%%
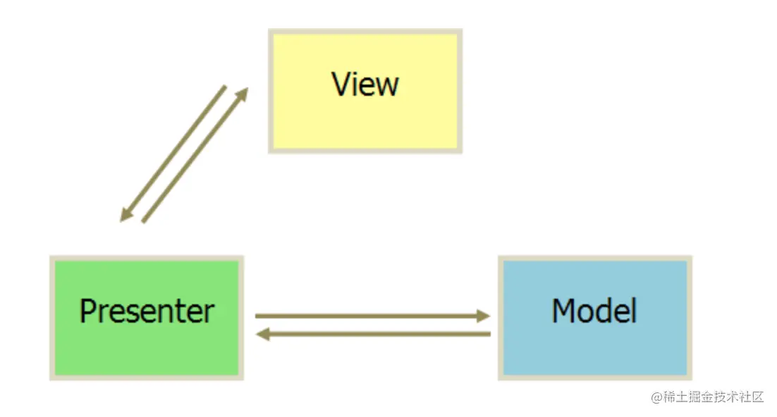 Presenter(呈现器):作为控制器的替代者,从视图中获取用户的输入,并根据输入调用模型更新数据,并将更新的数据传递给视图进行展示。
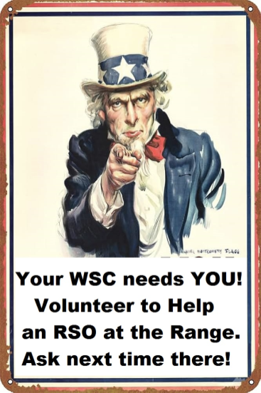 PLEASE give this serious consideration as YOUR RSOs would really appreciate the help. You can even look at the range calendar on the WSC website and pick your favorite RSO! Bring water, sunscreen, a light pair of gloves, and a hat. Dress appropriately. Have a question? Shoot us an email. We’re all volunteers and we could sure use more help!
%%
%%
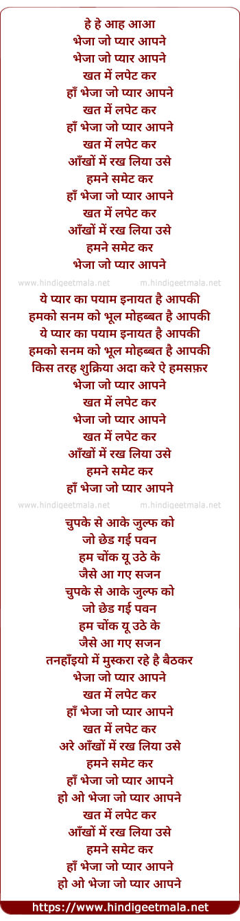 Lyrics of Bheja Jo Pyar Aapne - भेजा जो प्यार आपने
%%
[GOAL OF THE EXERCISE] Please repeat the lines of the material above exactly, starting with the line that contains "Presenter(呈现器)" and ending with the line that contains "PLEASE give this". Leave the pictures out.

[RESPONSE AREA]
 Presenter(呈现器):作为控制器的替代者,从视图中获取用户的输入,并根据输入调用模型更新数据,并将更新的数据传递给视图进行展示。
 PLEASE give this serious consideration as YOUR RSOs would really appreciate the help. You can even look at the range calendar on the WSC website and pick your favorite RSO! Bring water, sunscreen, a light pair of gloves, and a hat. Dress appropriately. Have a question? Shoot us an email. We’re all volunteers and we could sure use more help!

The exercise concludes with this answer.